MOZ_CRASH Reason: Global Glean object not initialized

Top 10 frames of crashing thread:

0 xul.dll RustMozCrash mozglue/static/rust/wrappers.cpp:16
1 xul.dll mozglue_static::panic_hook mozglue/static/rust/lib.rs:89
2 xul.dll core::ops::function::Fn::call<fn ../7eac88abb2e57e752f3302f02be5f3ce3d7adfb4/library/core/src/ops/function.rs:227
3 xul.dll std::panicking::rust_panic_with_hook ../7eac88abb2e57e752f3302f02be5f3ce3d7adfb4//library/std/src/panicking.rs:581
4 xul.dll std::panicking::begin_panic_handler::{{closure}} ../7eac88abb2e57e752f3302f02be5f3ce3d7adfb4//library/std/src/panicking.rs:484
5 xul.dll std::sys_common::backtrace::__rust_end_short_backtrace<closure-0, !> ../7eac88abb2e57e752f3302f02be5f3ce3d7adfb4//library/std/src/sys_common/backtrace.rs:153
6 xul.dll std::panicking::begin_panic_handler ../7eac88abb2e57e752f3302f02be5f3ce3d7adfb4//library/std/src/panicking.rs:483
7 xul.dll core::panicking::panic_fmt ../7eac88abb2e57e752f3302f02be5f3ce3d7adfb4//library/core/src/panicking.rs:85
8 xul.dll core::option::expect_failed ../7eac88abb2e57e752f3302f02be5f3ce3d7adfb4//library/core/src/option.rs:1226
9 xul.dll core::ops::function::FnOnce::call_once<closure-0, tuple<>> ../7eac88abb2e57e752f3302f02be5f3ce3d7adfb4/library/core/src/ops/function.rs:227
Flags: needinfo?(jrediger)
Flags: needinfo?(chutten)
Flags: needinfo?(jrediger) → needinfo?(alessio.placitelli)

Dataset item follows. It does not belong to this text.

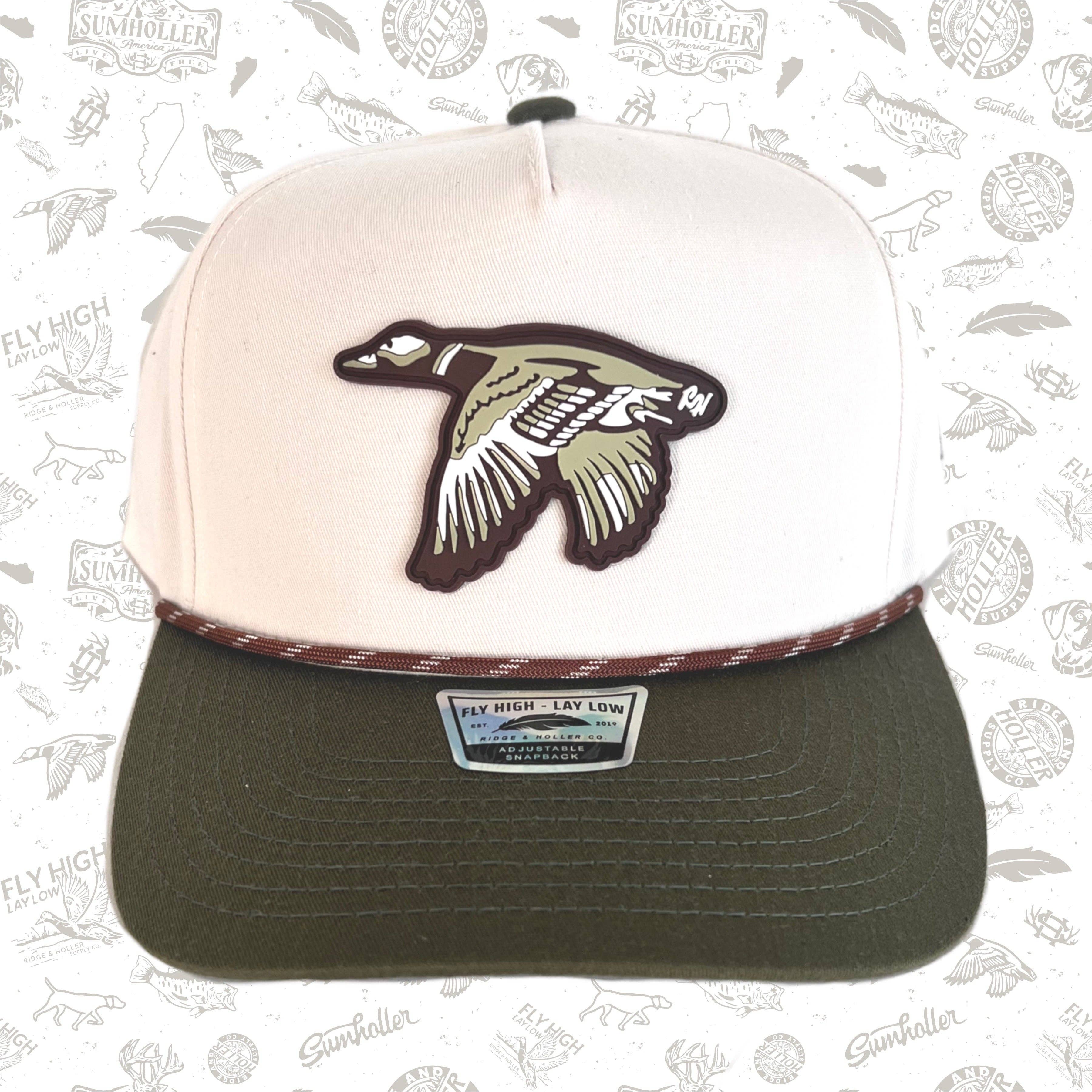 Blend in with the environment in style with our Fly High Trucker Hat in Olive. The cream/olive high crown tall hat features a camouflage design that effortlessly balances fashion with functionality. Perfect for any outdoor enthusiast!

#2 top crash so far in early 85.0b1 rollout

Jeepers, we need to get a better stack than this somehow.

Alrighty, so this crash can happen in one of three places: one in FOG and two in the Glean SDK.

FOG

FOG can expect and crash with that message within with_glean in the fog crate before init

From searchfox, calling with_glean (regardless of before or after init) is only done in datetimes, string lists, and timing distributions, none of which exist to be called see metrics.yaml.

Verdict: Likely isn't FOG

Glean SDK

Same thing, but both with_glean and with_glean_mut. A lot of these are dealt with by being launched by or happening after a block against the Dispatcher, which doesn't come out of its hole until after init.

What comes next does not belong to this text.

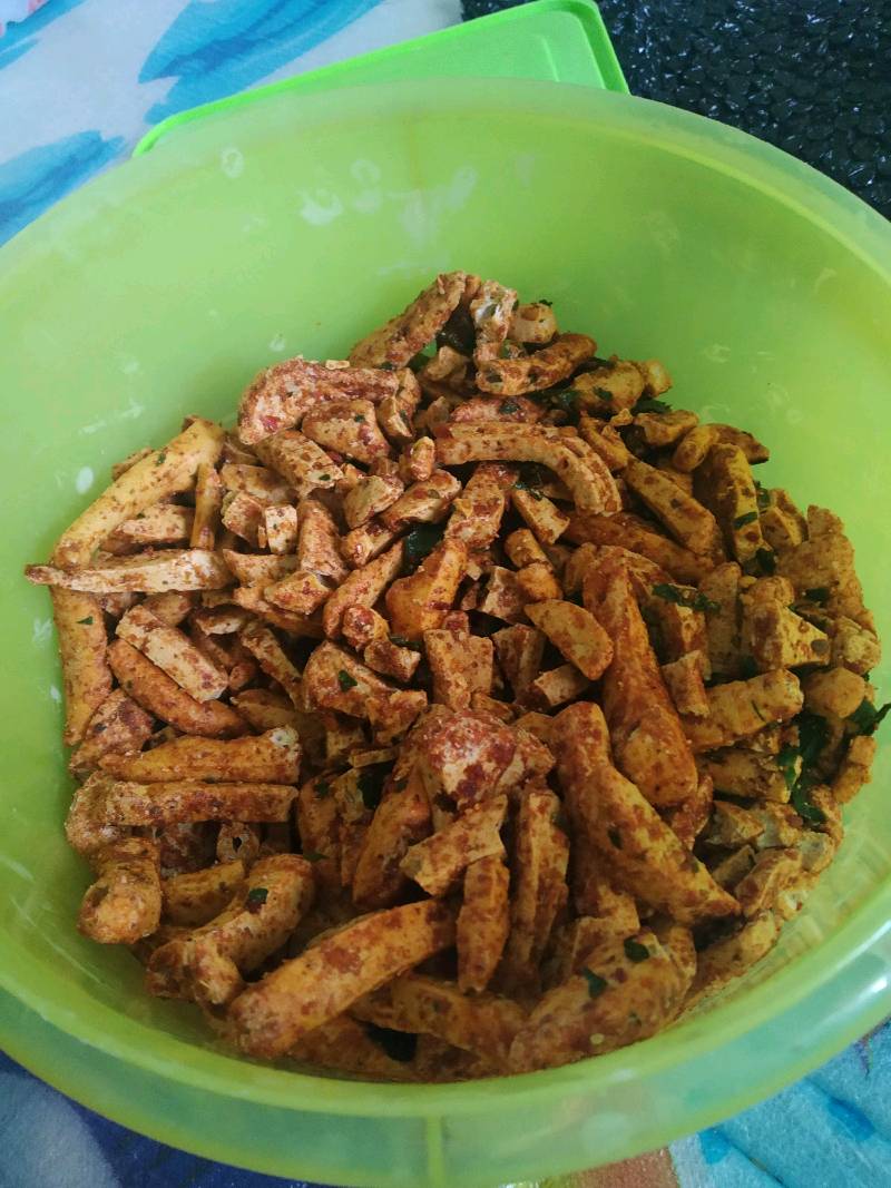 Kualitas:good! Rasa:delicious setelah beli tidak ada rasa penyesalan sama sekali karna pas nyampe sesuai ekspektasi, rasanya enak, teksturnya renyah dan tidak keras, bumbu melimpah, daun jeruknya kerasa, dan potongannya cukup besar, love it!!!

There are a few exceptions, mostly inside named threads (like glean.uploader and glean.init), but the crashing thread in the report (37) is nameless.

There are a few suspicious cases around things like set_debug_view_tag set_source_tags and set_log_pings where we only check if initialize was called, not that initialize had completed and the global glean is present.

I'm at a loss. Jan-Erik and Alessio are the two I'd ask for help on this, and they'll be back tomorrow CET morning

Flags: needinfo?(chutten) → needinfo?(jrediger)

I think I know what's going on, looking at the other threads:

Thread 0 is calling glean::shutdown(), so all this is happening when the browser is being shutdown and we quite correctly try to shutdown Glean.
I assume what is happening is that the browser starts, FOG is not intialized (for whatever reason), then we try to shut down, which unblocks the queue before it is actually ending. If the queue contains any recordings they will try to access the Glean object.

What we should do if we never flushed is to not flush the queue now but skip it. This will require some changes to the dispatcher, I'm taking a look now.

Flags: needinfo?(jrediger)
Assignee: nobody → jrediger
Priority: -- → P1
Crash Signature: [@ core::option::expect_failed | core::ops::function::FnOnce::call_once<T>] → [@ core::option::expect_failed | core::ops::function::FnOnce::call_once<T>] [@ core::option::expect_failed | core::ops::function::FnOnce::call_once{{vtable.shim}}]

Hello! It seems that I can reproduce the crash on Windows 10x64/x86 with Firefox 85.0b2 (20201215185920) by restarting or closing Firefox while opened with this profile: link

This is one of the crash reports: link

(In reply to Alexandru Trif, QA [:atrif] from comment #4)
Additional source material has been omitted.